> _EXTRACTED INFORMATION_:
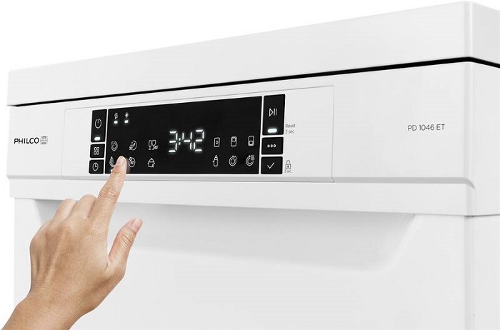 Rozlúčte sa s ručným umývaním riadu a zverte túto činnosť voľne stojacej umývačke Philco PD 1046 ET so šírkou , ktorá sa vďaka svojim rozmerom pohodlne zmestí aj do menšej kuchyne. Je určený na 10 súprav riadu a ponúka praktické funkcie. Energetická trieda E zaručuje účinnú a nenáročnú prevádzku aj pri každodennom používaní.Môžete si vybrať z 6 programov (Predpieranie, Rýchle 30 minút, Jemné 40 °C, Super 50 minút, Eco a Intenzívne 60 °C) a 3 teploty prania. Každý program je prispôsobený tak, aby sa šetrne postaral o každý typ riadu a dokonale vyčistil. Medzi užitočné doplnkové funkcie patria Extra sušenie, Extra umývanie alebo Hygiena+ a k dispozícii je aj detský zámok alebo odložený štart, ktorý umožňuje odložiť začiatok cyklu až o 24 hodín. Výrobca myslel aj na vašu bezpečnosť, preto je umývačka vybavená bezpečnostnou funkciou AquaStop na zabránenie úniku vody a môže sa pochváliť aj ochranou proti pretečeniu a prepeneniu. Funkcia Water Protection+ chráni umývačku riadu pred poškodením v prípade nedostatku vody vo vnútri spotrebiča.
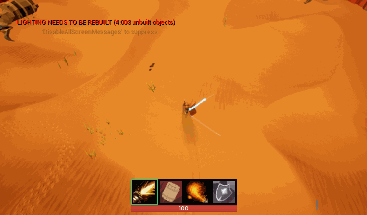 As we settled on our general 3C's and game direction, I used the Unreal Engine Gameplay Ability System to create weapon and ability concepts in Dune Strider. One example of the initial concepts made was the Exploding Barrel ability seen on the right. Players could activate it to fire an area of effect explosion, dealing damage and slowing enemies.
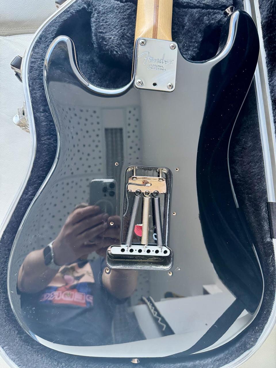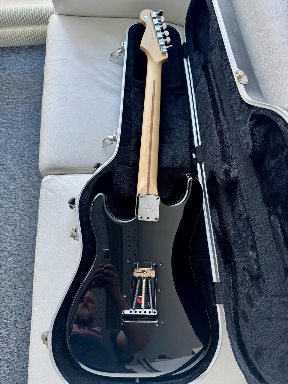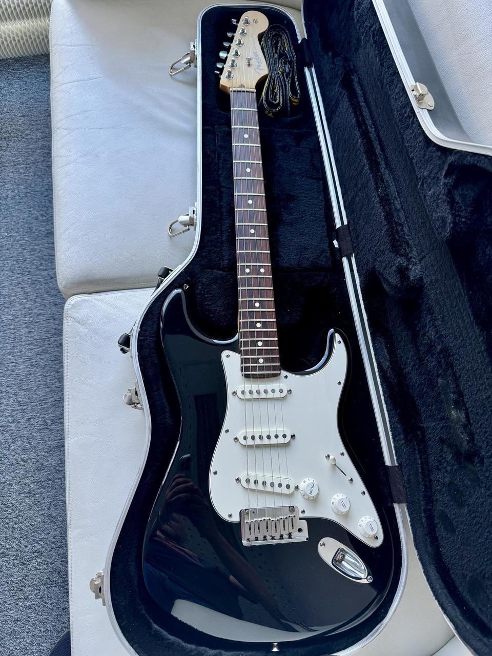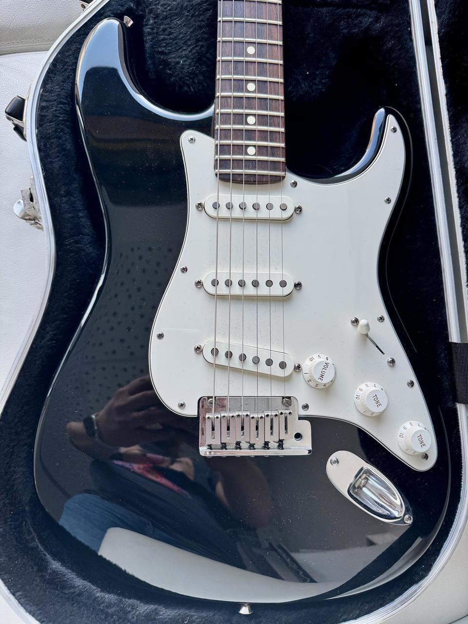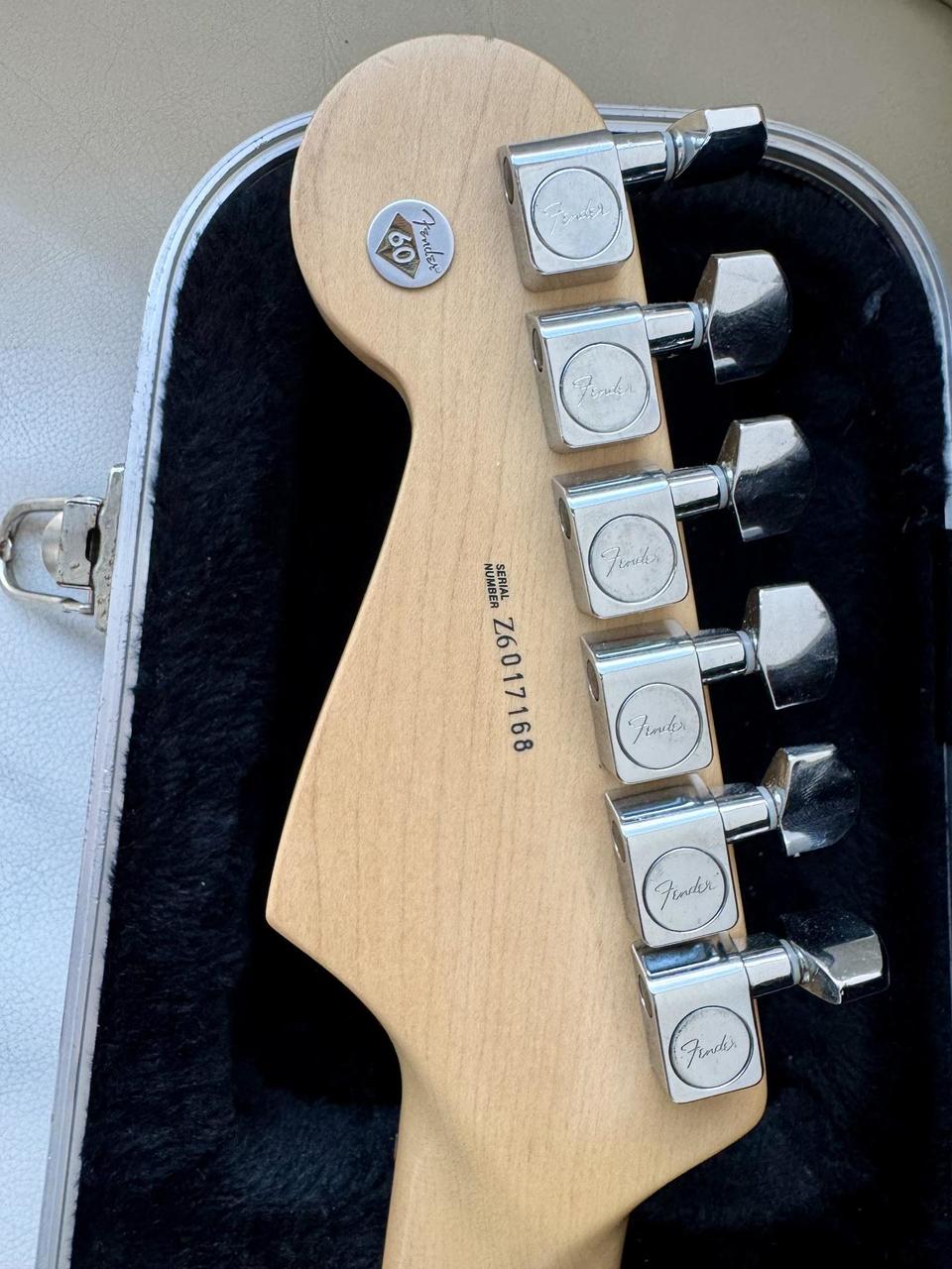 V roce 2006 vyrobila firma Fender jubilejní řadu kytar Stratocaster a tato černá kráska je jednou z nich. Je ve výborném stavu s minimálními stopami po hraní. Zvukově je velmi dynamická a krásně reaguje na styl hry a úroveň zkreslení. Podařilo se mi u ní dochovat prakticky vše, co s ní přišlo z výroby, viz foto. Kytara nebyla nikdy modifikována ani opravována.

--

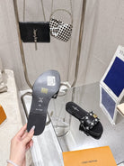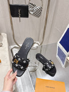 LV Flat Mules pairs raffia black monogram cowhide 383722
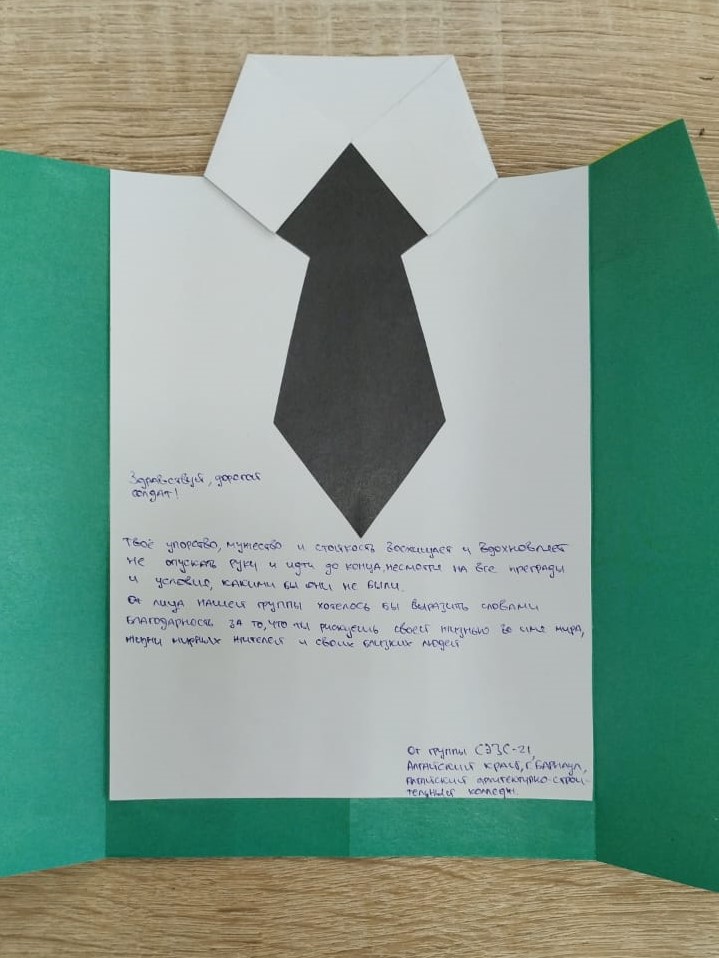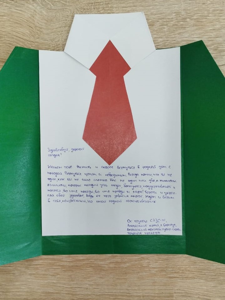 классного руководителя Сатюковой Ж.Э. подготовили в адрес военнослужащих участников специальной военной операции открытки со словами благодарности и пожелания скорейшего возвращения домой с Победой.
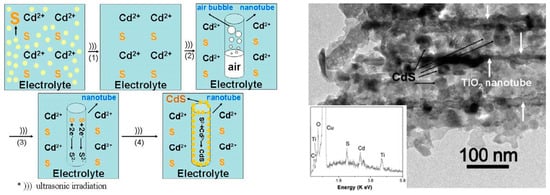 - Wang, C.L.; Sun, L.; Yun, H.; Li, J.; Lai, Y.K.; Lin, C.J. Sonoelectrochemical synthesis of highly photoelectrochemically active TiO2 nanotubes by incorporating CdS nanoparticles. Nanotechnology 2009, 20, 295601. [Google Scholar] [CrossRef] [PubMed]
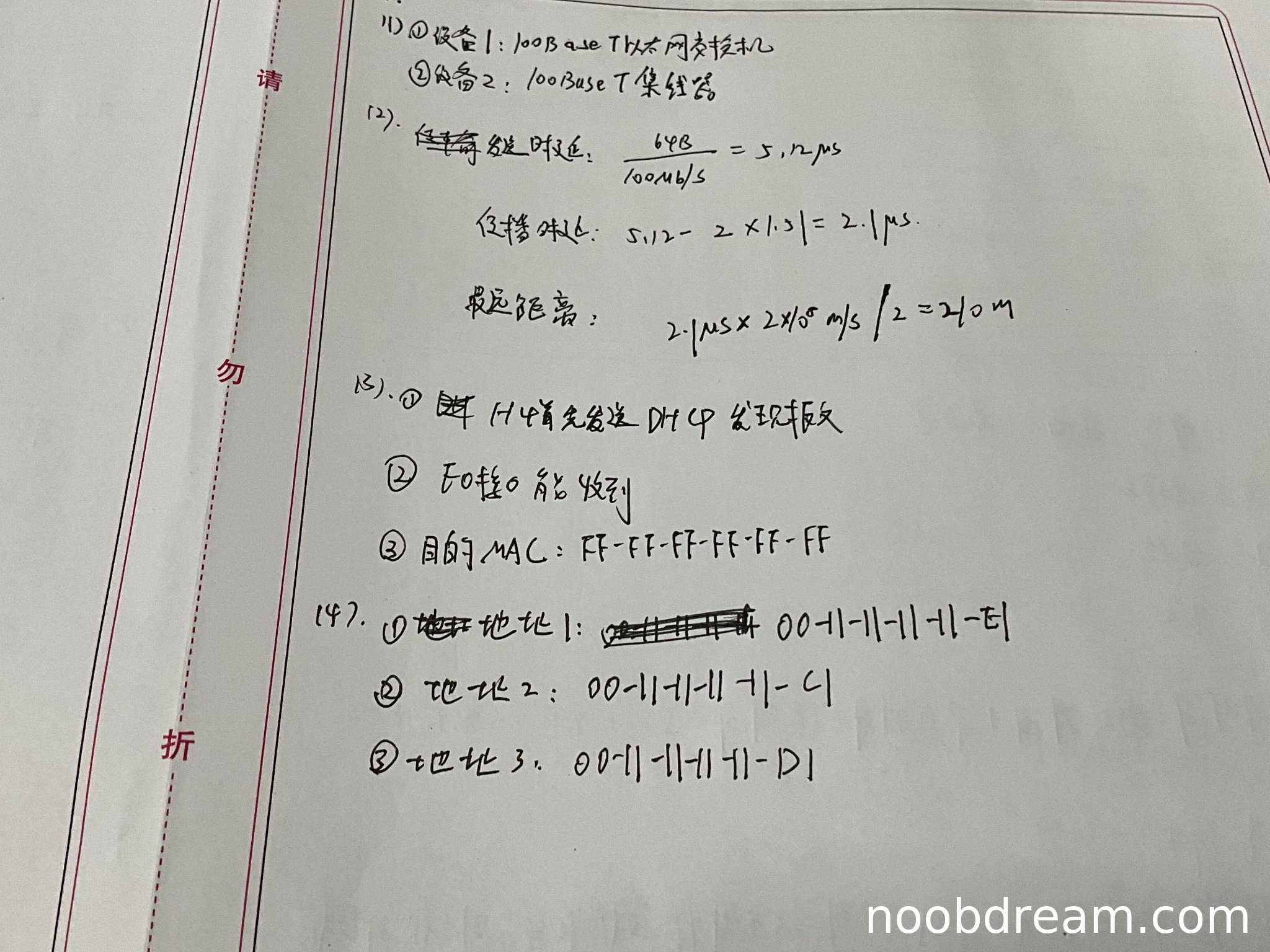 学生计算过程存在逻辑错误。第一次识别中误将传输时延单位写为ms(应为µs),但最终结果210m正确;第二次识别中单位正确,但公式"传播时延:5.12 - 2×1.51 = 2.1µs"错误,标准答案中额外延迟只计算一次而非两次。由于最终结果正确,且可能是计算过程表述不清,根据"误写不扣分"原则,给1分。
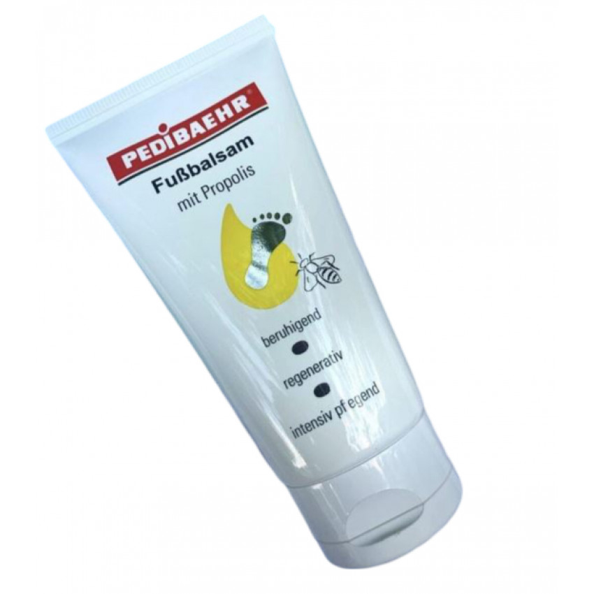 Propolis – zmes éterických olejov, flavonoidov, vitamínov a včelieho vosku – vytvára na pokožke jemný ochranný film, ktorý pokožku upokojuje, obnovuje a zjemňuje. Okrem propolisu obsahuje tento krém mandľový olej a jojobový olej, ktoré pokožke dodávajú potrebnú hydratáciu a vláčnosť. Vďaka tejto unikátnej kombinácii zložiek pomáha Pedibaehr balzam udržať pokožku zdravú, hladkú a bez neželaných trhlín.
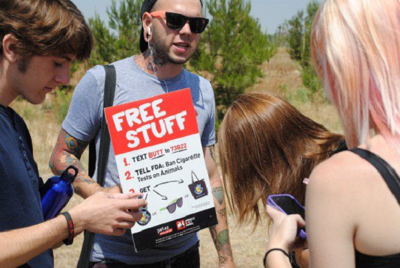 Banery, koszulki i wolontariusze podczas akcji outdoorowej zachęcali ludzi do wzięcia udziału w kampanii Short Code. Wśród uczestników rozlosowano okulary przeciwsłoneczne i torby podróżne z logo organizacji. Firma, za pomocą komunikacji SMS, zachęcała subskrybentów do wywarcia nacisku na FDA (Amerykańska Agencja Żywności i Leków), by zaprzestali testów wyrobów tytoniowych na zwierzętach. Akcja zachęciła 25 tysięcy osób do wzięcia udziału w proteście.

* * *

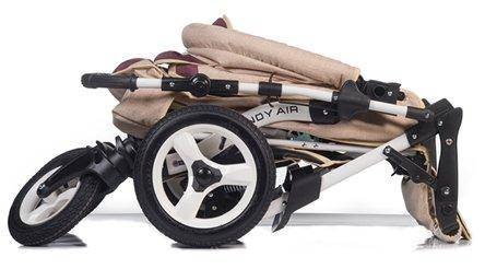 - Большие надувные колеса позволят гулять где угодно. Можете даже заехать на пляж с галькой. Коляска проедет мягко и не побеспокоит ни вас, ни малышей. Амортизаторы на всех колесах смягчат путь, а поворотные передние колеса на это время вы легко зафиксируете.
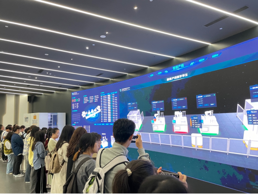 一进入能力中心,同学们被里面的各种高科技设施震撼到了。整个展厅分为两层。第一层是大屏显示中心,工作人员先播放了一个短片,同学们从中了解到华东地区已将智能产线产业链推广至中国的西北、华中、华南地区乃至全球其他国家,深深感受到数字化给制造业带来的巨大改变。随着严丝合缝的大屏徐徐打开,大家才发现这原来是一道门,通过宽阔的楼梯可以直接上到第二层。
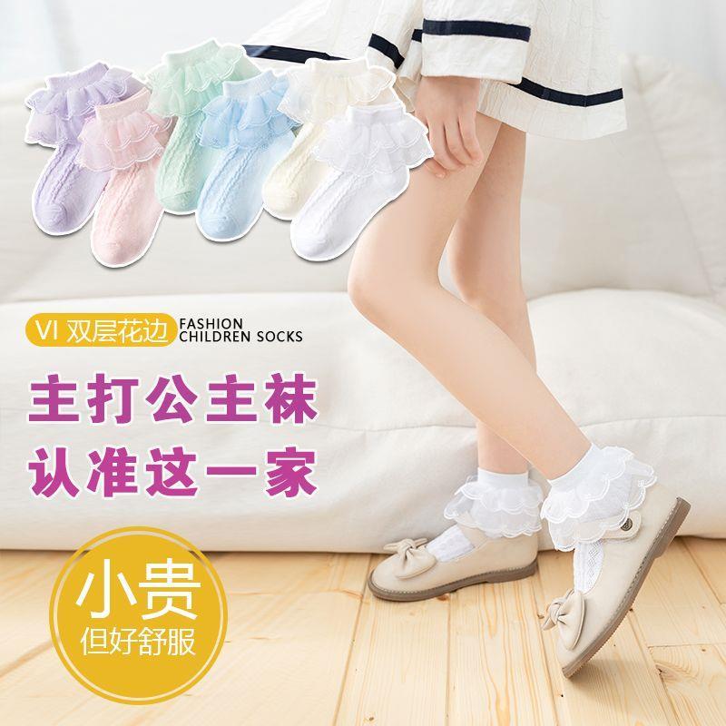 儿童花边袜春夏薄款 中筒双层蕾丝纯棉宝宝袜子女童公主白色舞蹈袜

> _WHAT IS REQUIRED_:
Only one stretch of the material above is wanted: the line containing "一进入能力中心,同学们被里面" through the line containing "儿童花边袜春夏薄款 中筒双层蕾丝纯棉宝宝袜子女童公主白色舞蹈袜". Restate it word for word, minus the pictures.

> _YOUR SOLUTION_:
 一进入能力中心,同学们被里面的各种高科技设施震撼到了。整个展厅分为两层。第一层是大屏显示中心,工作人员先播放了一个短片,同学们从中了解到华东地区已将智能产线产业链推广至中国的西北、华中、华南地区乃至全球其他国家,深深感受到数字化给制造业带来的巨大改变。随着严丝合缝的大屏徐徐打开,大家才发现这原来是一道门,通过宽阔的楼梯可以直接上到第二层。
 儿童花边袜春夏薄款 中筒双层蕾丝纯棉宝宝袜子女童公主白色舞蹈袜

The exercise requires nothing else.